This has been driving me nuts for about a year. It's now imperative that I fix it.
Mostly well-established code on established web sites running for at least two or three years.
There is no error on a local Windows 2000 dev server
There was no error on a previous 2003/IIS6 server.
About a year ago I transferred every site to a new 2003/IIS6 server (different datacentre so possibly different OS build). Four or five sites immediatley gave the 0115 but very infrequently - some sites maybe once a week, four or five times a day on the most-accessed sites.
I tried several things and went through all I could find about the error online. I even tried running the IIS debug software: the output made no sense. I separated the "broken" sites into their own App Pools, no change. Hosting company has no idea. I ran out of time and decided that the errors were sufficiently infrequent as to be ignorable.
Most of the affected sites access an MDB database (different one for each site); one (site SD) uses MySql. They use the same library code as several dozen other sites that also access MDB's and MySql's with no problem, even though some other sites have higher access rates.
I have now added a new layer of software to a few test sites, notably one that previously had this problem (site SD using MySql) and two high-access sites that didn't (sites AB and MR using MDB) ("high-access" is a relative term - they are all fairly low by some standards).
This new layer, a replacement for my aging security traps, accesses a MySql database before anything on the actual sites gets parsed. The MySql access replaces a text file read on a previous version of the traps (which are still running error-free on many other sites). All the new Trap sites now exhibit the 0115 problem, again infrequently but more frequently on two of the high-access sites, probably because there are more pages to react.
Another "site" is used as a Control Panel to read/write the MySql database and that failed as much as any of the sites. I thought I'd fixed the problem in this CP but succeeded only in reducing the incidence; however this did suggest a possible reason: excess createobject calls.
One of the instances (MR) has a higher failure rate BUT the page that features most comprises (apart from the MySql security hit) only a single read of a text file (using createobject). That's just two Creates in a single page of minimal external objects.
The faults seem to occur at times I would expect high-ish activity on the server on AB and MR sites.
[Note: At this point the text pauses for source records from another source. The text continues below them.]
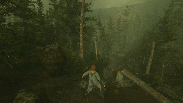 Baby Steps’in dünyası minimalist ama büyüleyici. Geniş, sisli dağlık alanlar, yosun tutmuş kayalıklar, derin vadiler ve zaman zaman çıkan fırtınalar, hem huzurlu hem de ürkütücü bir atmosfer yaratıyor.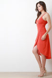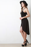 This sexy dress features a v neckline, knit fabrication, adjustable multi strap design, low cut back, high low hem, wrap front cut, and a full lining. Accessories sold separately. Self: 92% Polyester, 8% Spandex. Lining: 100% Polyester.
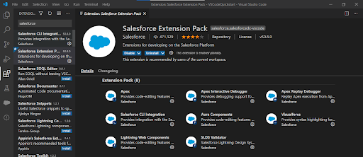 The best part is that Salesforce comes with its own extension pack for VS Code to make the IDE Salesforce ready. The pack comes with a set of eight extensions which can all be downloaded and installed in your IDE with a single click. We’ll talk about each of them.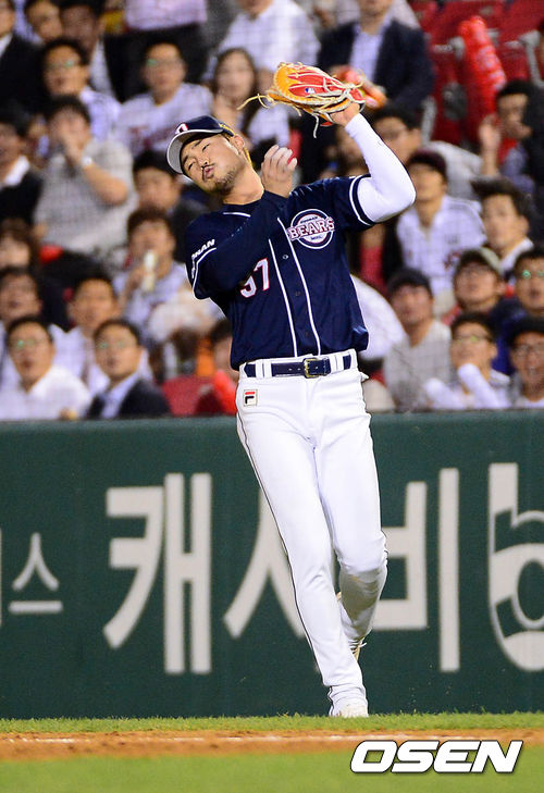 30일 오후 서울 잠실야구장에서 열린 2013 한국야쿠르트 세븐프로야구 LG 트윈스와 두산 베어스의 경기, 2회말 2사 3루에서 두산 오재원이 LG 현재윤을 파울플라이로 처리하고 있다.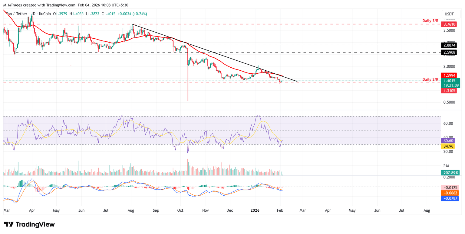 Toncoin (TON) is extending its rebound, trading above $1.40 at the time of writing on Wednesday, after recovering 4.5% over the past two days, following last week’s massive correction. The derivatives data shows improving sentiment with rising long bets and funding rates turning positive. On the technical side, the outlook indicates early signs of recovery for TON, with indicators showing fading bearish momentum.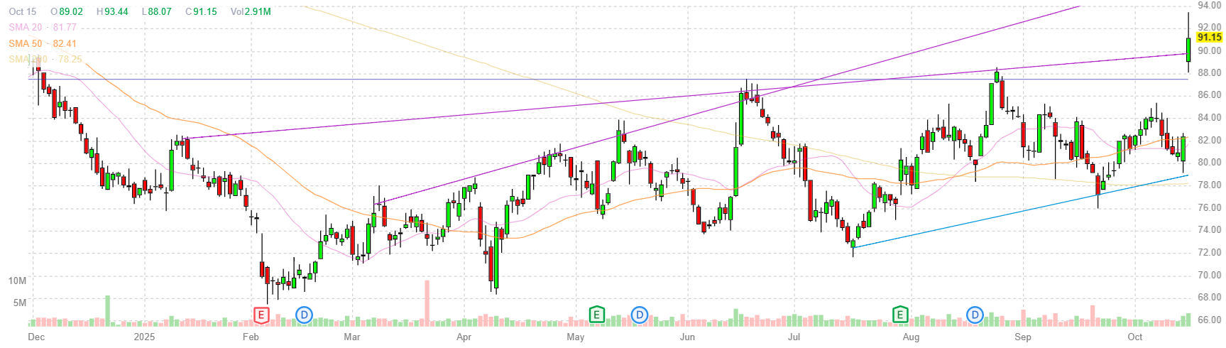 Дополнительным драйвером роста стал обновлённый годовой прогноз компании. Bunge ожидает прибыль в диапазоне $7,30–7,60 на акцию на скорректированной основе, что выше консенсус-прогноза FactSet ($7,39). Прогноз учитывает слияние с Viterra — крупным переработчиком зерна и масличных культур — и оказался лучше, чем ожидали участники рынка.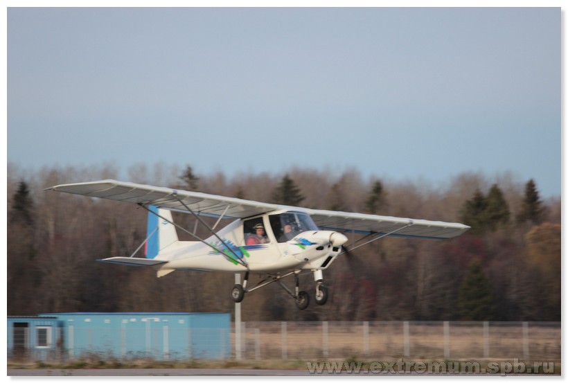 1. Взлет сверхлегкого самолета «Ikarus-22» с экипажем Колбасов (КВС), Сафина (летчик-наблюдатель). (Фото: Ольга Полино, Vzletim.ru)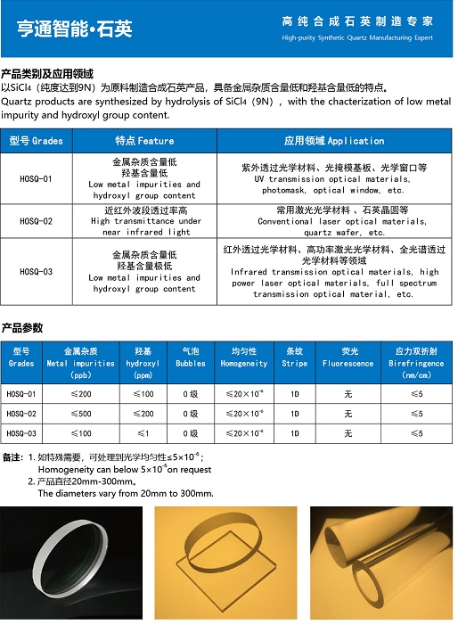 亨通智能石英,是聚焦高端光學石英材料的研發、生產、銷售與服務一體的供應商,致力于確保為客戶提供合格,真實的產品;具有先進技術和豐富制造經驗,主要生產光學石英玻璃、合成石英管等產品。我司自主研發的合成石英玻璃目有純度高、羥基含量低、光學均勻性好等特性,深紫外到紅外區域的透過率高,同時熱膨脹系數低,可應用于半導體光掩模石英基板、LCD掩模石英基板、耐高溫視窗石英材料、紫外透過光學石英材料、紅外透過光學石英材料、激光光學石英材料等多個領域。我們將不斷創新,致力于成為下一代光學石英的技術領導者。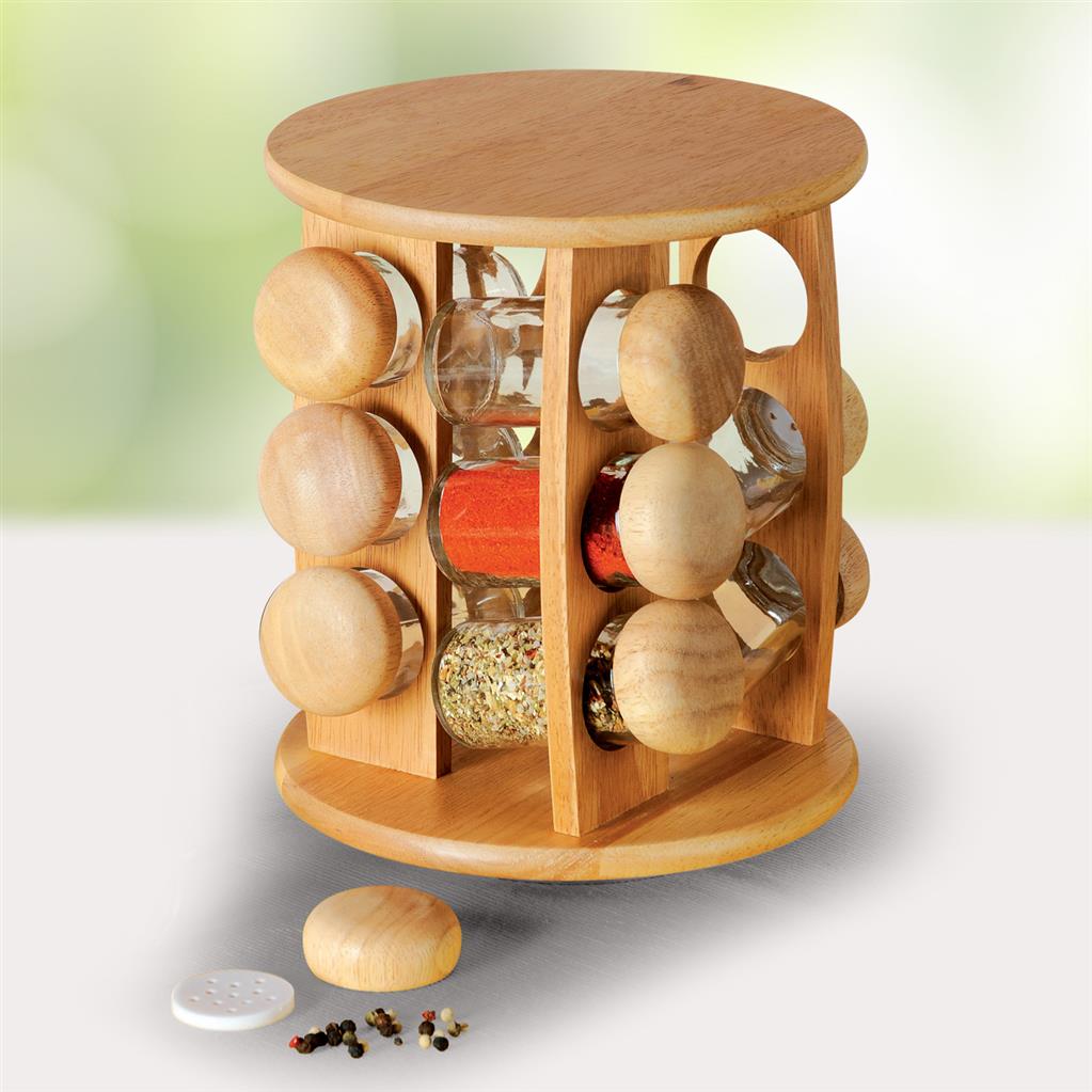 12 dielna súprava koreničiek je uložená v praktickom, otočnom, drevenom stojane. Koreničky sa veľmi ľahko vyberajú a po použití pohodlne ukladajú do otočného stojana. Sklenené koreničky majú plastové násypníky a uzávery z tvrdého dreva. Objem koreničky je 80 ml. Rozmer stojanu: priemer 20 cm, výška 24 cm. Materiál: tvrdé drevo.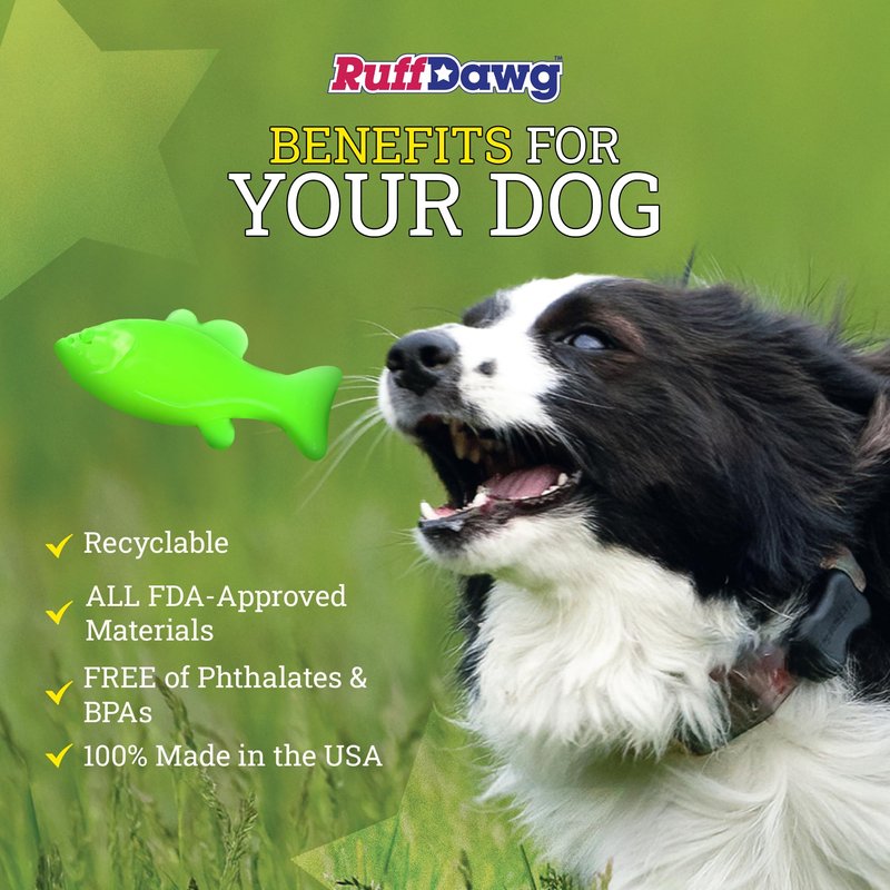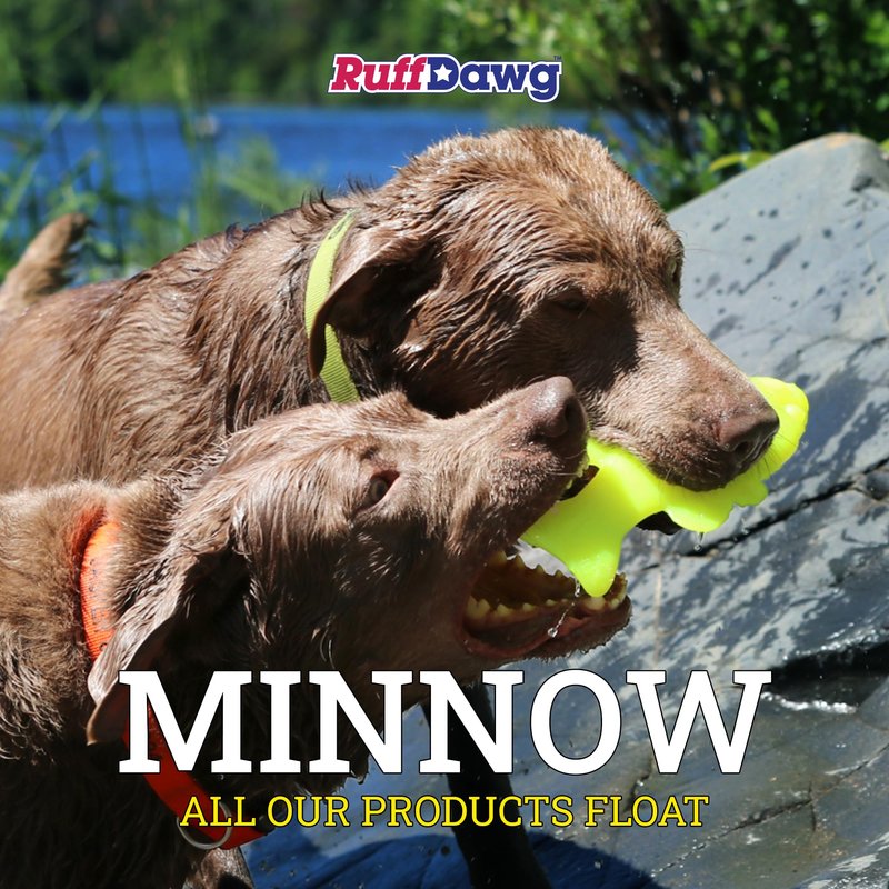 The Ruff Dawg Minnow is the ultimate play companion for dogs that love to fetch, splash, and explore the outdoors. Made from high-quality, ultra-durable rubber, this toy is built to withstand vigorous play and the most energetic chewers, ensuring it can keep up with your dog’s active lifestyle. Its unique fish shape and lightweight design make it perfect for long-distance throws, adding excitement to every game of fetch. What sets the Minnow apart is its ability to float, allowing water-loving dogs to enjoy fetch sessions at the pool, lake, or beach without losing sight of their favorite toy. The bright neon colors ensure visibility, so your dog or you can easily spot it, even in open spaces or on the water’s surface. Proudly made in the USA, the Minnow reflects Ruff Dawg’s dedication to creating safe, high-quality toys that bring joy to dogs and peace of mind to owners. Ideal for dogs of all sizes and activity levels, this versatile toy delivers endless fun, helping to keep your dog engaged, active, and mentally stimulated. Whether your dog loves to chase, splash, or chew, the Ruff Dawg Minnow provides an unmatched play experience, combining durability, safety, and excitement in one fantastic toy.
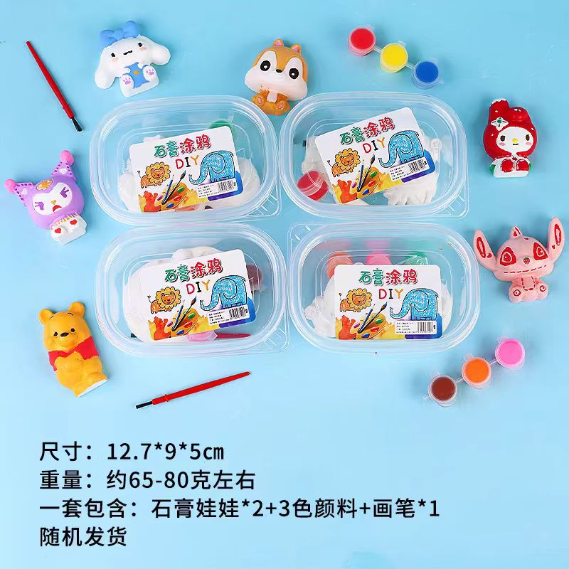 儿童涂色石膏娃娃创意手工玩具涂鸦diy填色批发摆地摊 每盒2个石膏娃娃+3色颜料+1画笔 1盒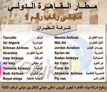 تجدون هنا معلومات عن صالات مطار القاهره والرحلات اللي تنزل فيها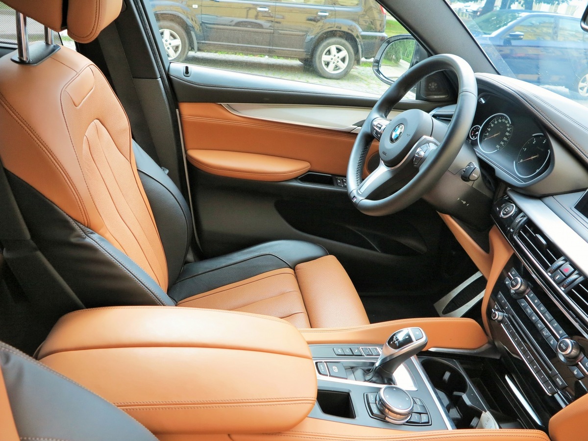 The luxurious BMW X6 xDrive30d car that I have rented can be geared automatically or manually by using the levers on the steering wheel. I have chosen automatic and I’m driving on the Brno highway. The orange and black leather seats are extremely comfortable with the option of adjusting the head, the backs and the leg rests. The basic design of the new BMW X6 is implemented with fabric upholstery but there are also special Design Pure Excellence and Design Pure Experience packages.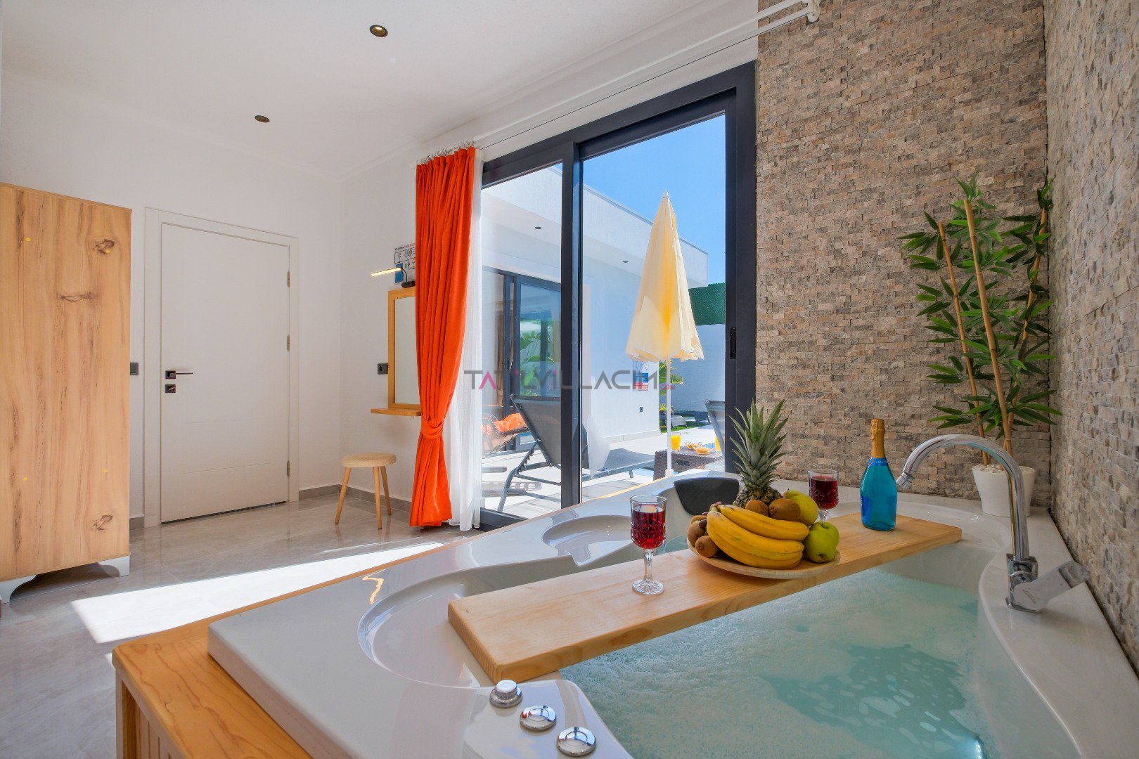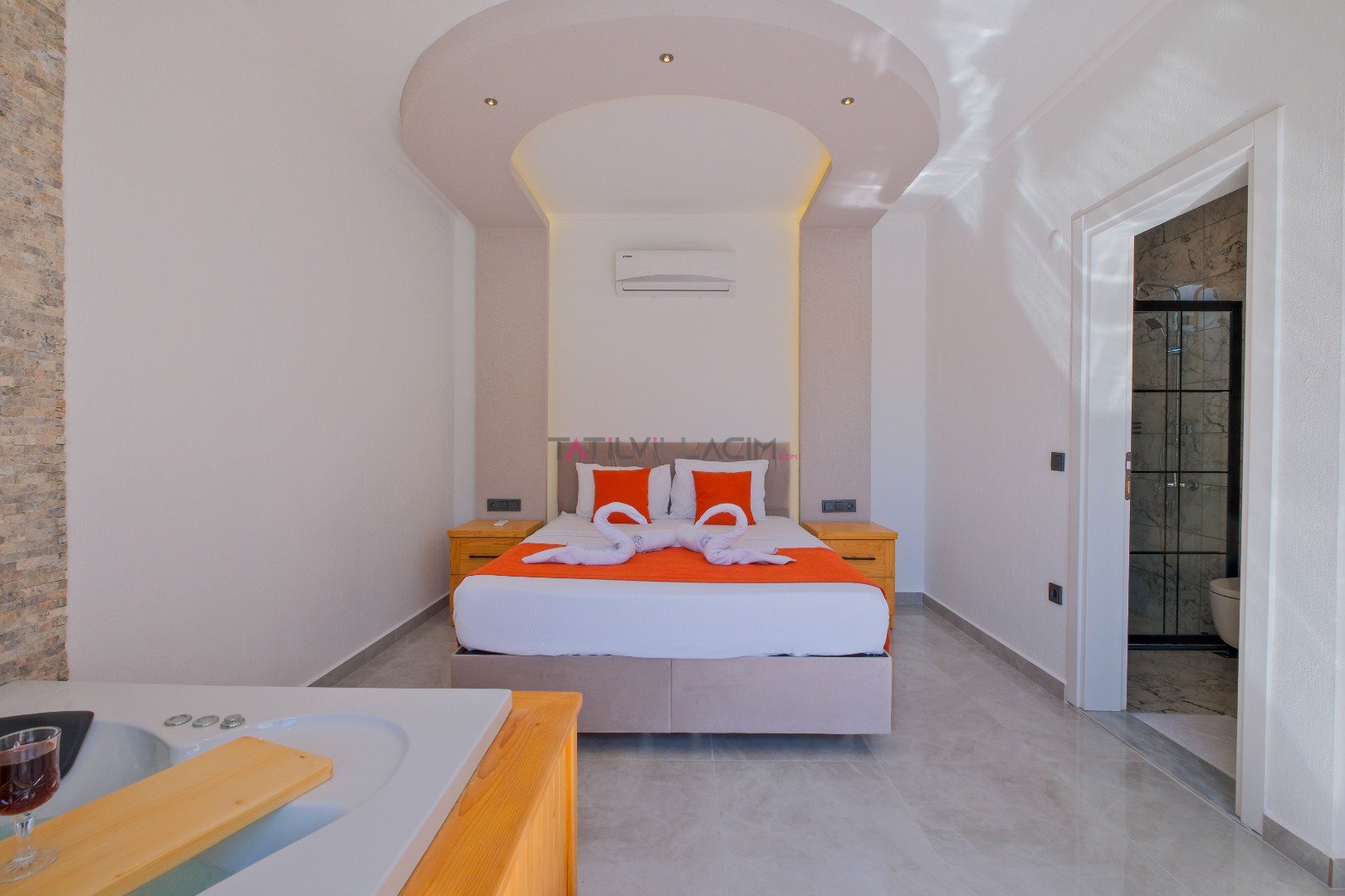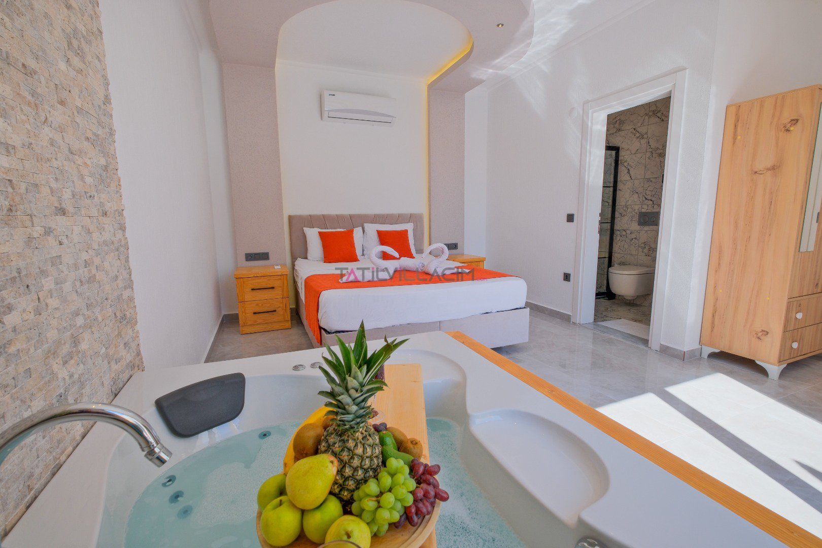 Villada yer alan jakuzili oda, tatilinize ekstra rahatlık ve lüks katarken, doğayla iç içe keyif dolu bir konaklama fırsatı sağlar.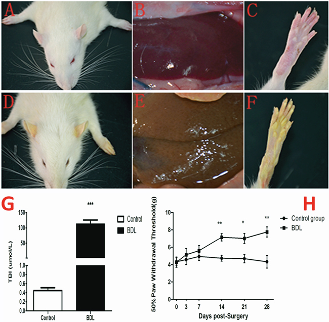 Figure 1: Evaluation of jaundice and the change of nociceptive threshold following BDL operation. (A-F) The rats in BDL group showed yellow ears (D), liver tissue(E) and rear claw(F) 28 days after surgery compared to control group (A, B, C). (G) The serum total bilirubin levels was significantly higher in the BDL group (112.8±12.88μml/L) than in the control group (0.45±0.06μml/L). (H) The mechanical PWT was tested to assess the jaundice-induced nociceptive threshold change prior to (day 0) and at days 3, 7, 14, 21, and 28 following BDL operation. The hindpaw of BDL rats displayed a dramatic decrease in mechanical PWT to von Frey filament stimulation from 4.28±0.59 g at baseline to 7.15 ±0.43 g 14d after BDL operation and further deteriorated to 7.02 ± 0.57 at day 21, and 7.76 ±0.58g at day 28. *P<0.05, **P<0.01, ***P<0.001 compared with the each corresponding time point.

The CP failure seems to happen only at times when other sites throw up an error (ie when the server is busy), and yet it comprises a single page with a single Create and half a dozen reads of a single table at a rate of about one page per 30 seconds tops (I'm requesting the page through a browser). The latest failure of this CP page, which I'm able to run with a lot of tracing lines, shows the failure happens on the first Create/Open (ADODB.Connection and dataconn.Open). I have seen failures at other times later in the sequence than this.
What it is not: missing form names (this is a known 0115 report): most affected pages are not forms driven and ALL fields have names.
No database field has a Reserved name (nor do the forms).
It may be session names (another known 0115 report) but I doubt it: the MR text-read page has only a handful of them.
None of the other MS excuses seem to be relevant.
My impression is that there are too many objects created at certain times by the SERVER (I say this because failures include the minimalist CP page).
My GUESS is that at peak times the number of Creates (and their allied processing) has been increased by the extra Trap script beyond a boundary quantity for the SERVER (because it's using MySql not flat file).
Is this possible?
Is there a way to increase the number of objects available if it is?
Does anyone out there have any helpful ideas on this?